Context-aware queries
For applications that need to maintain conversation context, the CompressionQueryTransformer
can help:
QueryTransformer transformer = CompressionQueryTransformer.builder()
.chatClientBuilder(chatClientBuilder)
.build();
Query query = Query.builder()
.text("What about premium users?")
.history(previousMessages) // Previous conversation context
.build();
Query transformedQuery = transformer.transform(query);
Document processing pipeline
The RetrievalAugmentationAdvisor
allows you to customize how documents are processed before being used for generation:
Document selection
For large document collections, you can implement more sophisticated document selection strategies:
DocumentRetriever retriever = VectorStoreDocumentRetriever.builder()
.vectorStore(vectorStore)
.similarityThreshold(0.73)
.topK(5)
.filterExpression(new FilterExpressionBuilder()
.eq("department", "legal")
.build())
.build();
This example shows how to filter documents by metadata and adjust similarity thresholds, which is useful when working with documents from different departments or categories.
Error handling and edge cases
In production environments, you need to handle cases where relevant documents might not be found.

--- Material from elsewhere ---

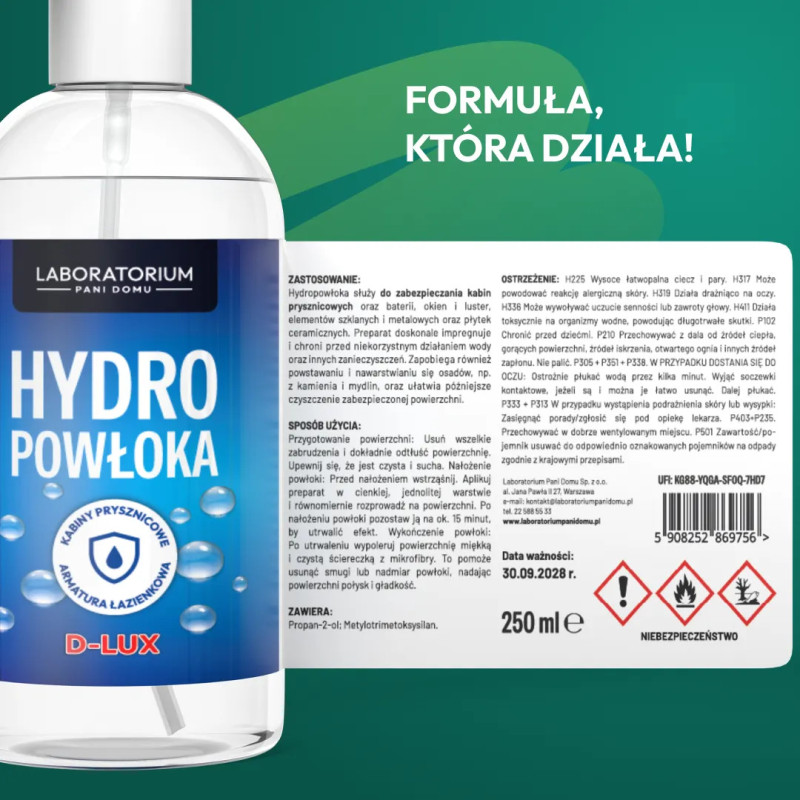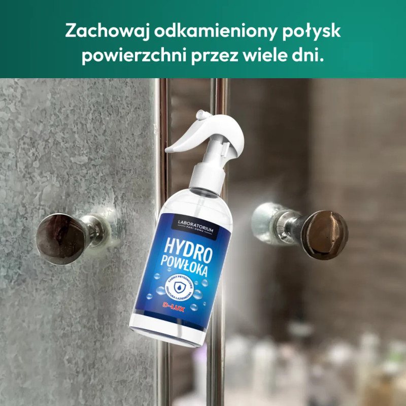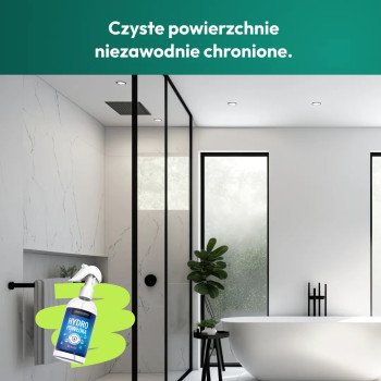 Powłoka hydrofobowa tworzy na zabezpieczanej powierzchni warstwę, która działa jak niewidzialna wycieraczka. Doskonale impregnuje i zapobiega powstawaniu i nawarstwianiu się osadów, np. z kamienia i mydlin, oraz ułatwia późniejsze czyszczenie zabezpieczonej powierzchni. Dzięki nanotechnologii pozostawia warstwę antystatyczną, która ogranicza rozwój bakterii, grzybów i roztoczy, nie pozostawia smug i zacieków i odpycha cząsteczki wody gwarantując nienaganny wygląd czyszczonej powierzchni na długo!

The ContextualQueryAugmenter
can be configured to handle these situations:
Advisor advisor = RetrievalAugmentationAdvisor.builder()
.documentRetriever(retriever)
.queryAugmenter(ContextualQueryAugmenter.builder()
.allowEmptyContext(true)
.build())
.build();
This configuration allows the system to fall back to general responses when no relevant documents are found, rather than failing completely.
Implementing guardrails
When deploying AI applications in a business context, it's important to establish appropriate boundaries and controls to ensure that the chat is on topic and safe. Spring AI provides several advisor implementations to help implement these guardrails.
Safety and moderation
The SafeguardAdvisor
helps ensure responses meet your application's requirements by filtering sensitive content:
Advisor safeguardAdvisor = SafeguardAdvisor.builder()
.chatClient(moderationClient)
.sensitiveWords(List.of(
"confidential",
"secret",
"internal",
"proprietary",
"classified"
))
.build();
ChatClient chatClient = ChatClient.builder(chatModel)
.advisor(safeguardAdvisor)
.build();
You can combine this with other advisors to create layered protection:
ChatClient chatClient = ChatClient.builder(chatModel)
.advisors(List.of(
safeguardAdvisor,
retrievalAugmentationAdvisor,
new TopicBoundaryAdvisor("technical documentation")
))
.build();
This approach allows you to:
- Filter inappropriate content
- Keep discussions on-topic
- Implement custom validation logic
- Chain multiple validation steps
Conclusion
Spring AI's advanced RAG features make it easier to build robust, production-ready applications that combine the power of LLMs with your business's specific knowledge and requirements. The modular architecture of the RetrievalAugmentationAdvisor
allows you to start simple and add sophistication as your needs evolve.